America’s strategy for winning the information war must focus on disseminating truthful information about America and American foreign policy, as well as about repressive regimes and repressed societies. The US should repurpose, refocus, and reorganize its public-diplomacy and international broadcasting capabilities away from producing original content as a journalistic and public relations exercise and toward a 21st-century, multimedia, public broadcasting programming model, focused on promoting truthful information and American values around the world.
Credit: Twenty20
Credit: Twenty20
In December 2016, as part of the 2017 National Defense Authorization Act for Fiscal Year 2017 (NDAA), President Obama signed into law a sweeping reorganization of US international broadcasting capabilities.1 Section 1288 of the 2017 NDAA transfers the Broadcasting Board of Governors’ (BBG) powers to a new CEO and its members to a new International Broadcasting Advisory Board. The legislation gives the new CEO sweeping powers to reorganize US international broadcasting, including by consolidating existing BBG networks and grantees into a single consolidated nonprofit network. It also provides a streamlined mission for the consolidated network. This legislation paves the way for badly needed reforms, including the reforms proposed in this report.

Another significant provision of the 2017 NDAA (Section 1287) provides for the secretary of state and secretary of defense to create an interagency, international Global Engagement Center (GEC) to “discover, expose and counter foreign government information warfare efforts (to include foreign propaganda and disinformation efforts) and proactively advance fact-based narratives that support US allies and interests.”2 Creating an information-sharing and coordination center is a valuable step toward enhancing the US government’s (USG) ability to challenge authoritarian regimes that are increasingly dominant in strategic information.

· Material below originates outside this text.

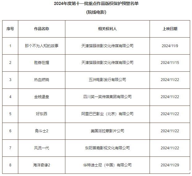 按照国家版权局《关于开展院线电影星空体育app下载官网专项工作的通知》《关于进一步加强互联网传播作品版权监管工作的意见》及版权重点监管工作计划,根据相关权利人上报的作品授权情况,现公布2024年度第十一批重点作品星空体育app下载官网预警名单。

Online freedom is a universal human right. It is the right of people everywhere to speak and associate online and to have access to the information of their choice.3 As the UN Human Rights Council affirmed in 2012, “the same rights that people have offline must also be protected online, in particular freedom of expression, which is applicable regardless of frontiers and through any media of one’s choice, in accordance with articles 19 of the Universal Declaration of Human Rights and the International Covenant on Civil and Political Rights.”4

Realizing these rights requires access to a free and open internet—free of censorship and open to the participation of people everywhere without fear of being punished for engaging in legitimate political speech. Regrettably, authoritarian states are effectively using the internet as a tool of propaganda and control, including attempting to shape US political dialogue through strategic hacking and information release.

The US has proved poorly prepared to face these challenges. Facing them adequately will require bold and innovative reforms. The 2017 NDAA paves the way for badly needed reforms.


Notes
  1. National Defense Authorization Act for Fiscal Year 2017, Pub. L. No. 114-328 (2016).
  2. Joint Explanatory Statement of the Committee of Conference, HRPT-S2943, 114th Cong., November 2016, http://docs.house. gov/billsthisweek/20161128/CRPT-114HRPT-S2943-JES.pdf.
  3. Online freedom has been widely acknowledged as a fundamental human right in, for example, the 2011 Deauville Declaration of the G8, a 2011 communiqué of the Organisation for Economic Co-operation and Development on “Principles for Internet Policy-Making,” and a 2012 resolution of the UN Human Rights Council, which confirmed that online freedom is part of the Universal Declaration of Human Rights.